Выбрать главу

Мама не принадлежала к числу практичных женщин — то, что ей «давало» ее «положение», абсолютно не имело для нее значения. Этого никак не могут понять женщины трезвые, рассудительные (вроде моей бывшей свекрови 3. А. Ждановой, называющей маму «душевнобольной», ибо «не было причин» ей томиться и страдать! Любая из них смирилась бы вообще с чем угодно, лишь бы вовеки не потерять это дарованное судьбой «место наверху». А мама стеснялась подъезжать к Академии на машине, стеснялась говорить там, кто она (и многие подолгу не знали, чья жена Надя Аллилуева). А в те годы вообще жизнь была куда проще — отец еще ходил пешком по улицам, как все люди (правда, он больше любил всегда машину). Но и это казалось чрезмерным выпячиванием среди остальных. Она честно верила в правила и нормы партийной морали, предписывавшей партийцам скромный образ жизни. Она стремилась придерживаться этой морали, потому что это было близко ей самой, ее семье, ее родителям, ее воспитанию.

Очень характерен один пример. После смерти Ленина (а может быть и раньше) было принято постановление ЦК о том, что члены ЦК не имеют права получать гонорар за печатание своих партийных статей, книг и что эти средства должны идти в пользу партии. Мама была этим недовольна, потому что считала: лучше получать то, что ты действительно заработал, чем бесконечно, без всяких лимитов, лазить в карман казны и брать оттуда на свои домашние нужды, на дачи, машины, содержание прислуги и т. п. Тогда еще только-только начиналось казенное содержание домов членов правительства. Слава Богу, мама не дожила до этого и не увидела, как потом, отказавшись от гонораров за партийные труды, наши знатные партийцы со всеми чадами, домочадцами и всеми дальними родственниками сели на шею государству. Все дело было в том, что у мамы было свое понимание жизни, которое она упорно отстаивала. Компромисс был не в ее характере. Она принадлежала сама к молодому поколению революции — к тем энтузиастам-труженикам первых пятилеток, которые были убежденными строителями новой жизни, сами были новыми людьми и свято верили в свои новые идеалы человека, освобожденного революцией от мещанства и от всех прежних пороков.
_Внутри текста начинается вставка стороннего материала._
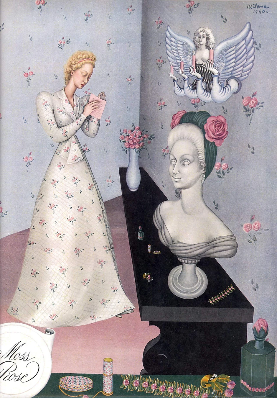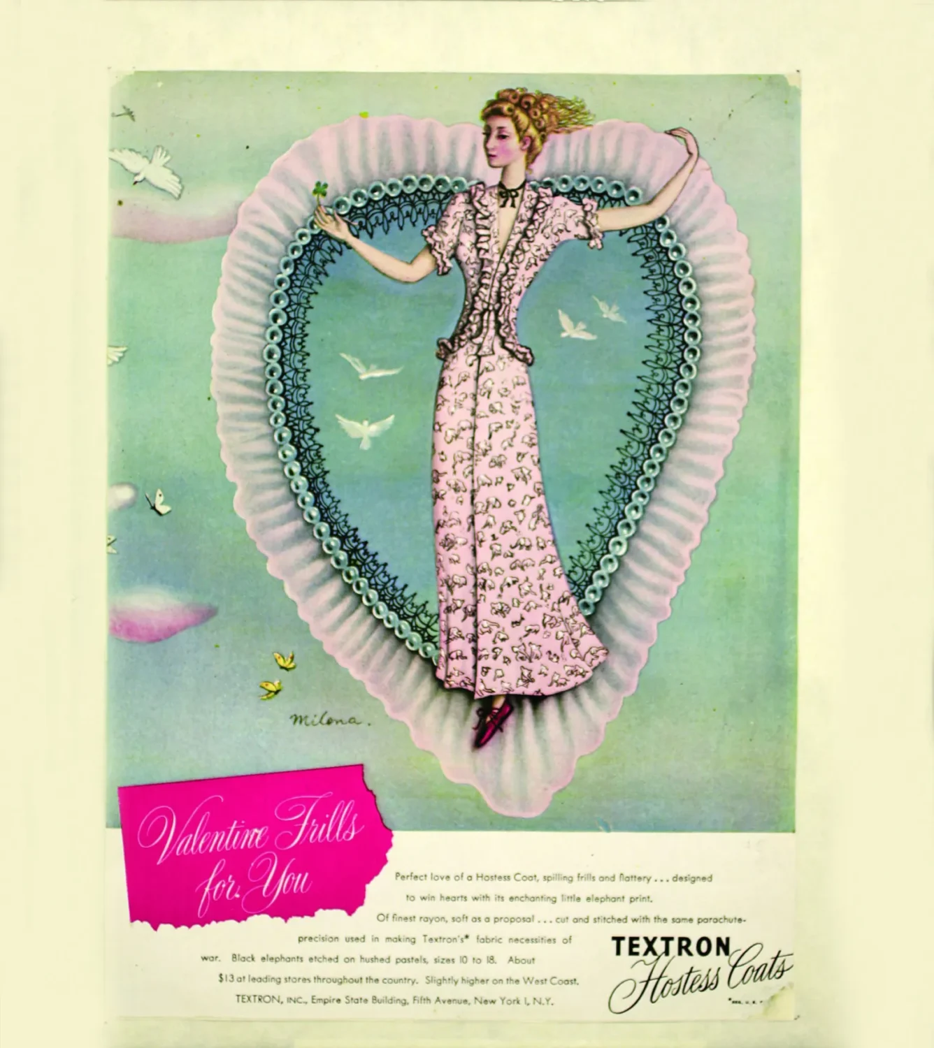 Her move to New York in the late 1930s opened a sustained dialogue with the fashion press. She collaborated as an illustrator with leading magazines such as Harper’s Bazaar and Vogue, translating her painterly universe into editorial imagery. In these works, fashion appears as an extension of her dreamlike imagery, reinforcing a vision in which clothing functions as another symbolic surface within her surreal imagination.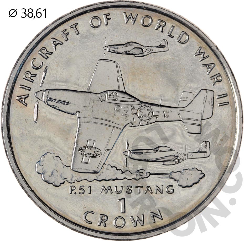 Остров Мэн 1 крона 1995 Самолёты Второй Мировой Войны. P-51 «Мустанг» UNC (Патина)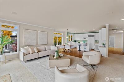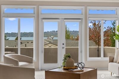 Welcome to this beautiful home with breathtaking views of Lake Washington, the Olympic Mountains and the Seattle skyline in a centrally located Kirkland duplex. This elegant residence offers a light-filled open layout with 3 spacious bedrooms, 2 full baths, and A/C. The kitchen impresses with classic design, ample storage, an island with breakfast bar, new gas range, Sub-Zero refrigerator and Bosch dishwasher. The deck offers the perfect setting to unwind, entertain, and soak in the stunning views. The private, oversized 2-car garage includes a workshop and generous storage room. Less than a mile to Google, Kirkland Urban, Cross Kirkland Corridor and only moments to Kirkland’s premier shops, dining, and waterfront. Seller Pre-Inspected.

Мама верила во все это со всей силой революционного идеализма, и вокруг нее было тогда очень много людей, подтверждавших своим поведением ее веру.

И среди всех самым высоким идеалом нового человека показался ей некогда отец. Таким он был в глазах юной гимназистки: только что вернувшийся из Сибири «несгибаемый революционер», друг ее родителей. Таким он был для нее долго, но не всегда… И я думаю, что именно потому, что она была женщиной умной и внутренне бесконечно правдивой, она своим сердцем поняла в конце концов, что отец — не тот новый человек, каким он ей казался в юности. Ее постигло страшное, опустошающее разочарование. Моя няня говорила мне, что последнее время перед смертью мама была необыкновенно грустной, раздражительной. К ней приехала в гости ее гимназическая подруга, они сидели и разговаривали в моей детской комнате (там всегда была «мамина гостиная»), и няня слышала, как мама все повторяла, что «все надоело», «все опостылело», «ничего не радует»; а приятельница ее спрашивала: «Ну, а дети, дети?» — «Все, и дети», — повторяла мама. И няня моя поняла, что раз так, значит, действительно ей надоела жизнь. Но и няне моей, как и всем другим, в голову не могло прийти предположение, что через несколько дней она сможет наложить на себя руки…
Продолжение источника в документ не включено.